Habituellement, on observe en plus des critères énoncés ci-dessus, des symptômes complémentaires liés à l’anorexie mentale. L’importance accordée à la minceur, au poids et à son contrôle, conduit la personne atteinte d’anorexie mentale à dépenser une énergie psychique et physique qui induit, sur le long terme, de nombreuses complications. L’intensité de la sous- alimentation peut donc engendrer des perturbations physiologiques, endocriniennes et métaboliques importantes (fatigue, évanouissements, anémie, faiblesse musculaire, troubles cardiaques, aménorrhée, perte capillaire, sensibilité au froid, etc. ; American Psychiatric Association, 2013), ainsi que des bouleversements psychologiques considérables (difficulté de concentration, humeur triste et irritable, isolement social).

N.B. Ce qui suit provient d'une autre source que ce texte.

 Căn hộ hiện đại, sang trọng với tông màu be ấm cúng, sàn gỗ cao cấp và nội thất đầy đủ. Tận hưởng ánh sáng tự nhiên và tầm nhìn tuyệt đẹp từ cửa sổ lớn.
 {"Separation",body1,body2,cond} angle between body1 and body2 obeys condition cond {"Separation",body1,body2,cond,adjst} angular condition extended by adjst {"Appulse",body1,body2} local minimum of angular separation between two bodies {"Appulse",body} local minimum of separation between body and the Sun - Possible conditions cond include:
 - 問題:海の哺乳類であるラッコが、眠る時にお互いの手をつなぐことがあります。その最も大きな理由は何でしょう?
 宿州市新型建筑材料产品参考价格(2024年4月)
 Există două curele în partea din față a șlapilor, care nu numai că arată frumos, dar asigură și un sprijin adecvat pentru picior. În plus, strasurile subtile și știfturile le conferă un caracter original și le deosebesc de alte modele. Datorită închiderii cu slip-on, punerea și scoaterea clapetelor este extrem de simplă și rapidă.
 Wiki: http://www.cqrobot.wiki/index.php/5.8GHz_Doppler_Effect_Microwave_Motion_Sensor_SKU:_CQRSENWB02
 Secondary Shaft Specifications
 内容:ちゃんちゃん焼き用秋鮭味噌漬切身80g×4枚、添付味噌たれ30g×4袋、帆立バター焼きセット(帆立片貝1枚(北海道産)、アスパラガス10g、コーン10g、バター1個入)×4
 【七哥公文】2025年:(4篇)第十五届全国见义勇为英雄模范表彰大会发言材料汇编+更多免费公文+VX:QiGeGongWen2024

Ces types de comportements ont également des répercussions importantes sur les pensées, qui se manifestent notamment par des distorsions cognitives et une altération de l’image de soi, comme nous avons pu le voir. Cette forme de rigidité renforce le « cercle vicieux du contrôle privation-prise de poids ». Surajouté à cela, on observe également un dernier versant de symptômes qui se compose comme suit : « une restriction des choix alimentaires, une pratique excessive d’exercices physiques, des vomissements provoqués et l’utilisation de laxatifs, de coupe-faim et de diurétiques » (World Health Organization, 2018, p. 204). Il faut toutefois vous souligner que les vomissements entraînent sur le long terme de lourdes conséquences, comme des troubles du rythme cardiaque et des problèmes dentaires, de la même manière que l’utilisation de laxatifs peut provoquer une constipation chronique.

Dans certains cas, l’anorexie mentale peut également être associée à des comorbidités telle que la boulimie, que nous détaillerons ci-après.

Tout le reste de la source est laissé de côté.